What just happened? It's not just OpenAI that keeps being sued for allegedly scraping content to train its systems. Reddit is suing Anthropic over claims it scraped content generated by forum users to train its Claude chatbot without consent.
In a complaint filed in San Francisco this week, Reddit claims that Anthropic intentionally trained its LLMs on content created by Reddit users without requesting consent, thereby violating Reddit's user agreement.
The filing adds that Anthropic accessed Reddit more than 100,000 times, despite the AI firm stating that its bots had been blocked from scraping data from the site. It adds that Anthropic has been training its Claude chatbot on Reddit data since at least December 2021. The suit actually includes a screenshot appearing to show Claude acknowledging that it was trained on Reddit user data.
Reddit signed agreements with Google and OpenAI in 2024, worth $60 million and $70 million per year respectively, that allow them access to posts created by Reddit's 100+ million daily users. This allows the posts to appear in answers provided by the companies' respective chatbots. But Anthropic allegedly prefers not to pay for this sort of thing.
"Anthropic refused to engage," the complaint states. "Thus, while other AI giants have entered into licensing agreements and agreed to respect users' choices (including by deleting posts that Redditors chose to delete), Anthropic has not."
Reddit challenges Anthropic's assertion that it is "the white knight of the AI industry."
"This case is about the two faces of Anthropic: the public face that attempts to ingratiate itself into the consumer's consciousness with claims of righteousness and respect for boundaries and the law, and the private face that ignores any rules that interfere with its attempts to further line its pockets."
Reddit CEO Steve Huffman previously complained that blocking companies unwilling to pay for data harvesting has been "a real pain in the ass," which is why it changed its robots.txt file to exclude bots and crawlers that didn't have permission to access its data.
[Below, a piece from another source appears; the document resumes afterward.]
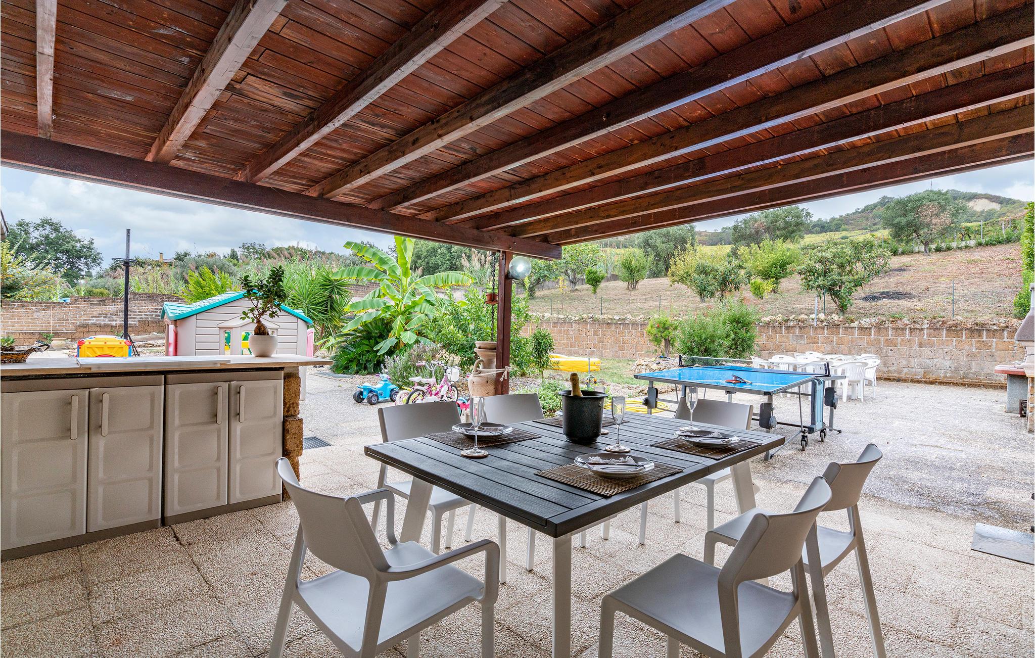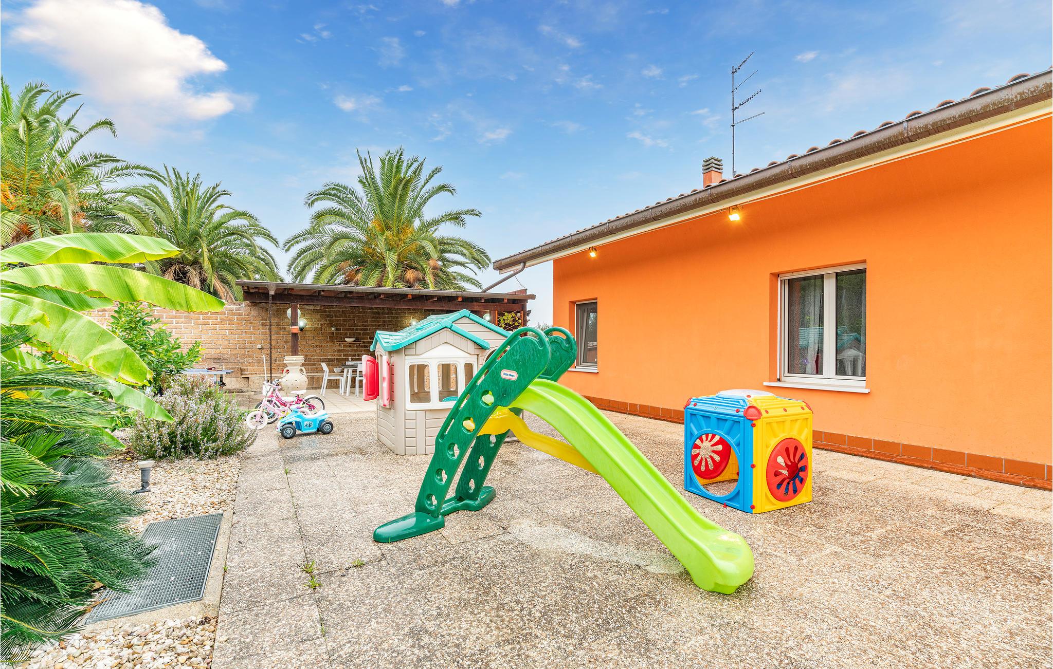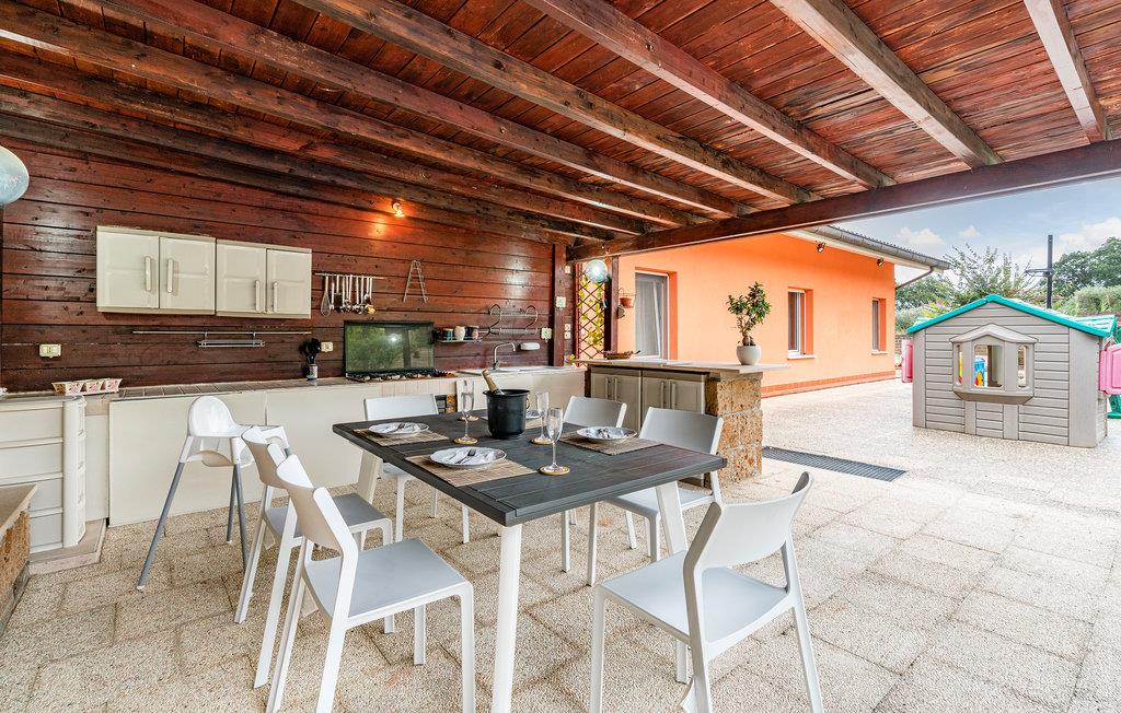 Dette rummelige feriehus med en stor have tilbyder masser af plads og variation til en hyggelig familieferie eller en ferie med venner. Slap af på den store, overdækkede terrasse, hvor I kan nyde det vidunderlige italienske klima hele dagen. Terassen er også det perfekte sted at spise morgenmad og afslutte dagen med et glas vin. Der er et udendørskøkken med grill til rådighed til hyggelige grillaftener. Der tilbydes variation og underholdning med et billardrum, fitnessudstyr og sportsaktiviteter for både unge og gamle. Den store, private have er helt indhegnet.

Anthropic said that it disagrees with Reddit's claims and will defend itself vigorously.
A Reddit spokesperson said, "We believe in the Open Internet – that does not give Anthropic the right to scrape Reddit content unlawfully, exploit it for billions of dollars in profit, and disregard the rights and privacy of our users."
"This isn't a misunderstanding, it's a sustained effort to extract value from Reddit while ignoring legal and ethical boundaries."
"We're filing this lawsuit in line with our Public Content Policy and as our final option to force Anthropic to stop its unlawful practices and abide by its claimed values."
Anthropic is no stranger to lawsuits. In 2024, writers and journalists Andrea Bartz, Charles Graeber, and Kirk Wallace Johnson filed a class-action against the firm over claims it used pirated copies of their work to train Claude.
Anthropic has also been fighting a case against Universal Music that started in 2023. The AI firm is alleged to have used lyrics from at least 500 songs by musicians, including Beyoncé, the Rolling Stones and the Beach Boys, to train Claude without permission. In March, a judge rejected a preliminary bid from the music publishers to block their lyrics from being used this way.